If you consume media, whether it is TV or media on your phone via the apps, is all of the media you consume helping you grow, or does it make you feel stuck or mentally drained? Anything you do should add value to your life in some way. Whether it is to inspire, empower, or bring you joy and peace. If what you are giving your attention to doesn’t do any of those things, I recommend you reconsider.
When dealing with abusers or toxicity, remember you have to prioritize safety. How to do that:
- Understand their patterns
- Withhold information that may jeopardize your safety
- Let them know what they want to know within limits
- Others do not need to know every single detail of your life or decisions. If someone is only interested in what you’re doing, but not willing to be a part of your success story or show any support, try not giving them any information at all. Keep it private. If they change behavior, it is a possibility the relationship is worth reevaluating. Decide if this is a healthy connection or not.

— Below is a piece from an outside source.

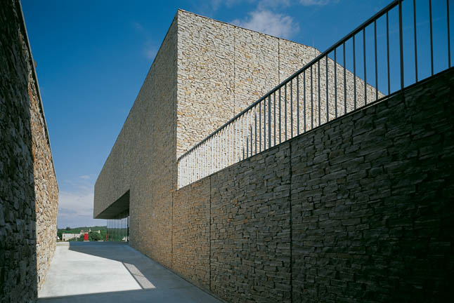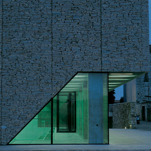 the prehistoric times. The traditional local dry stone wall motif has been used as a
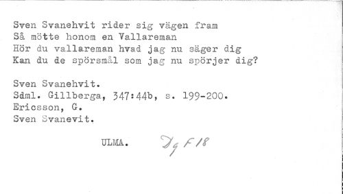 //// Sven Svanehvit rider sig vägen fram //// Så mötte honom en Tallareman //// Hör du vallareman hvad jag nu säger dig //// Kan du de spörsmål som jag nu spörjer dig? //// Sven Svanehvit» //// Sdml. Gillberga, 347*44^, s. 199-200» Ericsson, G. Sven Svanevit. //// ULM. % f/S" ////

Friendly Reminder: Who you choose to surround yourself with and the influences you have, whether it is people or media, each play a pivotal role in your success. You are allowed to outgrow relationships. It is encouraged to evolve to the best version of yourself. You only have to make the choices that allow you to grow as a person.
Explore Your Options
Is there something you want to change?
What do you need to do to make these changes happen?
Remember there are systems that you have to navigate through. They are frustrating, but take time. No matter what path you choose, you must account for potential delays. The changes you want may not be on the same timeline. It’s why mentors and coaches constantly encourage making decisions before you are ready. As you do the work, you should start to see progress towards the results you desire.
You can make all the lists and provide as much information as you’d like. Ultimately, what matters is whether, when it comes to the actions that are within your control, you are doing all you possibly can. Hold yourself accountable because that is your responsibility. If you are taking more time focusing on matters beyond your control, that may not be the best use of your time or energy.
From this moment on, I challenge you to hold yourself accountable. If you have made mistakes, correct them to the best of your ability. If you decide to make changes in your life and create a healthier lifestyle, then incorporating the habits I listed above will put you on your way to progress. Congratulations on your new beginning!
I wish you the absolute best of luck on this new journey!